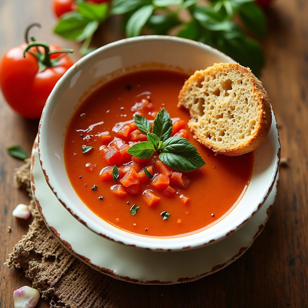 - Sirve el gazpacho en platos individuales y ajusta la sal y pimienta al gusto. Sirve frío y acompaña con pan duro crocante como un toque crujiente adicional.
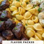 - Combine and Serve: Arrange the seared steak bites over the cheesy garlic shells and sprinkle with chopped fresh parsley for garnish. Serve immediately while hot and enjoy.
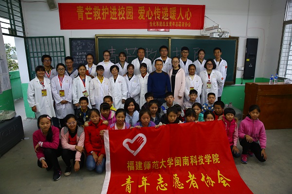11月9日,生命科学与化学系团总支青年志愿者协会联合青芒救护队前往南安市康美中学,开展“青春期和紧急救急”主题爱心支教活动,邀请了学院医务所所长张勇、周德馨医师、李姘医师为学生们授课。
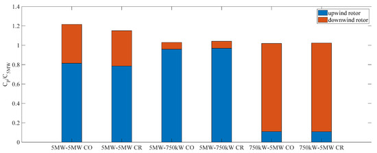 Meanwhile, the power coefficients of the upwind rotors also had a slight decrease compared with those of the corresponding SRWTs. The power coefficients of the upwind rotors of the 5 MW-5 MW CO-DRWT, 5 MW-5 MW CR-DRWT, 750 kW-5 MW CO-DRWT and 750 kW-5 MW CR-DRWT were reduced to about 80% of the corresponding SRWT, while the upwind rotors’ power coefficients of the 5 MW-750 kW CO-DRWT and CR-DRWT were reduced to about 96% of the corresponding SRWT. The power output decrease of the upwind rotor was caused by the negative influence of the downwind rotor when the upwind rotor and the downwind rotor rotated together. The shadow formed by the rotation of the downwind rotor blocks the wake flow of the upwind rotor, and this causes a power coefficient decrease in the upwind rotor. The negative influence is related to the rotating disk area formed by the downwind rotor. The 5 MW rotor was used in both the 5 MW-5 MW CO-DRWT and 5 MW-750 kW CO-DRWT; the individual upwind 5 MW rotors’ power coefficient was reduced to 81% and 96% of that of the 5 MW SRWT, and the 5 MW-5 MW CR-DRWT and 5 MW-750 kW CR-DRWT have a similar tendency. This is because the 5 MW-750 kW CO-DRWT and CR-DRWT use a 750 kW rotor, which has a smaller rotating disk area than the downwind rotor.
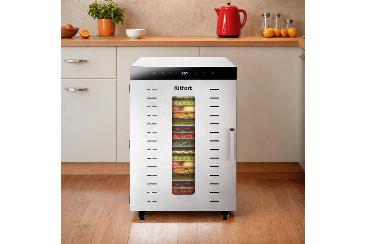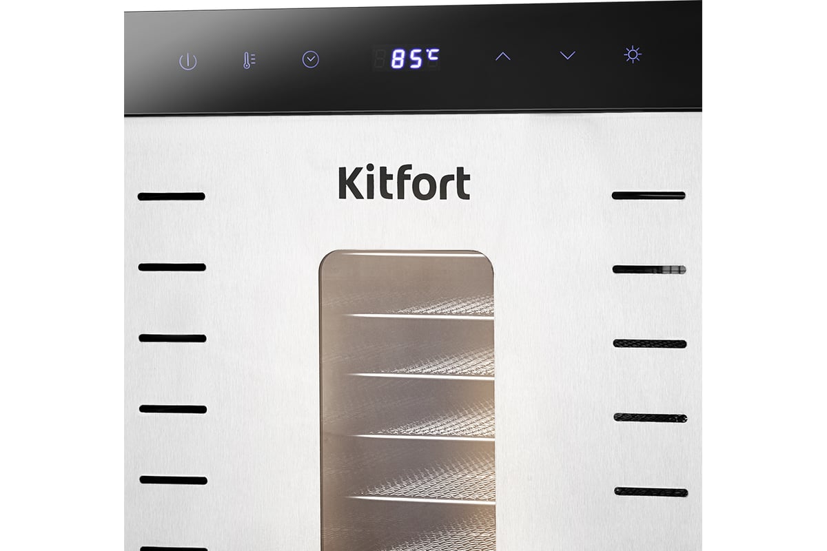 Температуру сушки можно изменить от 30 до 90 °С сшагом 5 °С. Сушилка оснащена таймером до 24 часов работы с шагом 30 минут. Подсветку камеры сушилки можно включать и выключать во время сушки.
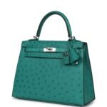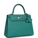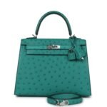 Hermes Kelly Sellier 25 Vert Verone Ostrich Palladium Hardware
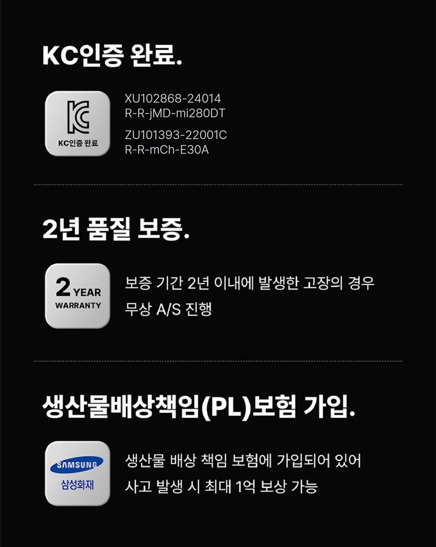 - 제품의 정상적인 사용 도중 발생한 제품의 성능, 기능 상의 하자에 한하여 제품을 리워드 수령일로부터 2년 동안 무상 A/S 가능합니다. (배송비 별도)

• **Requirement**
The expected output is the full material above, word for word, without pictures.

• **Final answer**
 - Sirve el gazpacho en platos individuales y ajusta la sal y pimienta al gusto. Sirve frío y acompaña con pan duro crocante como un toque crujiente adicional.
 - Combine and Serve: Arrange the seared steak bites over the cheesy garlic shells and sprinkle with chopped fresh parsley for garnish. Serve immediately while hot and enjoy.
11月9日,生命科学与化学系团总支青年志愿者协会联合青芒救护队前往南安市康美中学,开展“青春期和紧急救急”主题爱心支教活动,邀请了学院医务所所长张勇、周德馨医师、李姘医师为学生们授课。
 Meanwhile, the power coefficients of the upwind rotors also had a slight decrease compared with those of the corresponding SRWTs. The power coefficients of the upwind rotors of the 5 MW-5 MW CO-DRWT, 5 MW-5 MW CR-DRWT, 750 kW-5 MW CO-DRWT and 750 kW-5 MW CR-DRWT were reduced to about 80% of the corresponding SRWT, while the upwind rotors’ power coefficients of the 5 MW-750 kW CO-DRWT and CR-DRWT were reduced to about 96% of the corresponding SRWT. The power output decrease of the upwind rotor was caused by the negative influence of the downwind rotor when the upwind rotor and the downwind rotor rotated together. The shadow formed by the rotation of the downwind rotor blocks the wake flow of the upwind rotor, and this causes a power coefficient decrease in the upwind rotor. The negative influence is related to the rotating disk area formed by the downwind rotor. The 5 MW rotor was used in both the 5 MW-5 MW CO-DRWT and 5 MW-750 kW CO-DRWT; the individual upwind 5 MW rotors’ power coefficient was reduced to 81% and 96% of that of the 5 MW SRWT, and the 5 MW-5 MW CR-DRWT and 5 MW-750 kW CR-DRWT have a similar tendency. This is because the 5 MW-750 kW CO-DRWT and CR-DRWT use a 750 kW rotor, which has a smaller rotating disk area than the downwind rotor.
 Температуру сушки можно изменить от 30 до 90 °С сшагом 5 °С. Сушилка оснащена таймером до 24 часов работы с шагом 30 минут. Подсветку камеры сушилки можно включать и выключать во время сушки.
 Hermes Kelly Sellier 25 Vert Verone Ostrich Palladium Hardware
 - 제품의 정상적인 사용 도중 발생한 제품의 성능, 기능 상의 하자에 한하여 제품을 리워드 수령일로부터 2년 동안 무상 A/S 가능합니다. (배송비 별도)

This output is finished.